(Extracted records)
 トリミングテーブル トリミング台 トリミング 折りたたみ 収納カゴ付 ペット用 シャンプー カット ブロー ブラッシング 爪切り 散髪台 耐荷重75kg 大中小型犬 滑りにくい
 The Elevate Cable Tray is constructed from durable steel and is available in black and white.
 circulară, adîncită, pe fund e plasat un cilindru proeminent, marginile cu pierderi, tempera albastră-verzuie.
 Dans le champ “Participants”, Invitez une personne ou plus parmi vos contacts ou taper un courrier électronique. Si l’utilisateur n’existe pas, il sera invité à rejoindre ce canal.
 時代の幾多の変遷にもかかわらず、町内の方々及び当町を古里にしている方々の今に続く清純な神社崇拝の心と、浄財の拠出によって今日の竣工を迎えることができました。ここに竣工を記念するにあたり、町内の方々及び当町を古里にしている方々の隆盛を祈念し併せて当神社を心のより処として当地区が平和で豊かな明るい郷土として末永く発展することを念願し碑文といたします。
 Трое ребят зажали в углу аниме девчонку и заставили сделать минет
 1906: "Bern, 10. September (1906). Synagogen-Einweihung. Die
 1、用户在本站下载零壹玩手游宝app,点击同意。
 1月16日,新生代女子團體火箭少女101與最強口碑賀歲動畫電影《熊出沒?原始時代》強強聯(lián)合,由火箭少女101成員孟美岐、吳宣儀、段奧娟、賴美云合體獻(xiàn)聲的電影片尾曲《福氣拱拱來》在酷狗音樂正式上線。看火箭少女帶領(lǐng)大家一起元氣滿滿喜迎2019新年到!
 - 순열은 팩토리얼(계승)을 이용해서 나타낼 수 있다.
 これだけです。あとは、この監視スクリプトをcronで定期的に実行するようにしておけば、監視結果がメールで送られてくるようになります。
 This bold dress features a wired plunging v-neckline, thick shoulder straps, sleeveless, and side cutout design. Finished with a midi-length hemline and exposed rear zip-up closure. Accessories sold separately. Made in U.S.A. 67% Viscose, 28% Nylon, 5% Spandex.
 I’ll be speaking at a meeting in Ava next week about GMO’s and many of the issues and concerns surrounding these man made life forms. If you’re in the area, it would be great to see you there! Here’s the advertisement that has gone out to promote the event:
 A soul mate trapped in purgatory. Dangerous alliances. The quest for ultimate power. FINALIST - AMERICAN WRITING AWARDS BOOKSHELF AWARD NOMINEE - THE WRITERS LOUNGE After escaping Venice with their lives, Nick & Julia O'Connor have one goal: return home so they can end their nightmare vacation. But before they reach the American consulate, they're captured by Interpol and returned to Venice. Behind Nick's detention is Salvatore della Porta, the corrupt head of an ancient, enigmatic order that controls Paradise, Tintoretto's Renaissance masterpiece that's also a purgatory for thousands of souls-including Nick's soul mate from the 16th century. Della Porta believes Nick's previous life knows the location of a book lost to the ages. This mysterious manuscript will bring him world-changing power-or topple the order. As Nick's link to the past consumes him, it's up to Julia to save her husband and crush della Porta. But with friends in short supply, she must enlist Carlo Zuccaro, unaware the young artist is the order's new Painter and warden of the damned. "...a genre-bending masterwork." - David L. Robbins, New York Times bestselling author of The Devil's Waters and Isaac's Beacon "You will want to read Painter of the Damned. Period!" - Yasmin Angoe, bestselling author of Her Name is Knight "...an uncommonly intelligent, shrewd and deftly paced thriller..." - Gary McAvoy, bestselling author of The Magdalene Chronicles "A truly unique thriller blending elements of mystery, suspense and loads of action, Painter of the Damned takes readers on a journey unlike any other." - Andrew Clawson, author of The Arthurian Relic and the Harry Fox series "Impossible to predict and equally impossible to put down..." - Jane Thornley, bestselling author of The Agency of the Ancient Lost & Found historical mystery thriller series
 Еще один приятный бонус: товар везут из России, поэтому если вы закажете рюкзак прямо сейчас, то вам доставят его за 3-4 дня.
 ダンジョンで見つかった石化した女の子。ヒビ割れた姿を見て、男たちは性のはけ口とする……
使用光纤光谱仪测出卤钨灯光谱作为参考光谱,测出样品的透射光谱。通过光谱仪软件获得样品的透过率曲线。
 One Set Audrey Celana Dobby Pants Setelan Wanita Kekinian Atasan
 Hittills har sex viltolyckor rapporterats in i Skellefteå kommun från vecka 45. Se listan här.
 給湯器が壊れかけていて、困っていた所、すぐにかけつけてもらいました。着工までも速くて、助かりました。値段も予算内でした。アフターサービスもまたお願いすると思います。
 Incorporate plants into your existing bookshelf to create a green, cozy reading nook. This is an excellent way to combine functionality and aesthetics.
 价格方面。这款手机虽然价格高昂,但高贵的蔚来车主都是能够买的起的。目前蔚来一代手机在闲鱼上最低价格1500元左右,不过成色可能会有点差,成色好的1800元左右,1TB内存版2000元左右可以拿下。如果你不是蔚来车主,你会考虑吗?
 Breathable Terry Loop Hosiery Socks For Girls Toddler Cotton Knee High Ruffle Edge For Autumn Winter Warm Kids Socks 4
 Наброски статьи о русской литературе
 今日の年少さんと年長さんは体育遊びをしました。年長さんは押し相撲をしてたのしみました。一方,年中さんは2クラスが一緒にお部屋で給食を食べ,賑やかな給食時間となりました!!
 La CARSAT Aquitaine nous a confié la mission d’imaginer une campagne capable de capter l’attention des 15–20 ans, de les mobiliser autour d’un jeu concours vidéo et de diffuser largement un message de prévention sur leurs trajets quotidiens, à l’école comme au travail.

(TASK DIRECTIONS): What you should output is every line of the records above, from the first through the line containing "circulară, adîncită, pe", unchanged.

(EXERCISE OUTPUT):
 トリミングテーブル トリミング台 トリミング 折りたたみ 収納カゴ付 ペット用 シャンプー カット ブロー ブラッシング 爪切り 散髪台 耐荷重75kg 大中小型犬 滑りにくい
 The Elevate Cable Tray is constructed from durable steel and is available in black and white.
 circulară, adîncită, pe fund e plasat un cilindru proeminent, marginile cu pierderi, tempera albastră-verzuie.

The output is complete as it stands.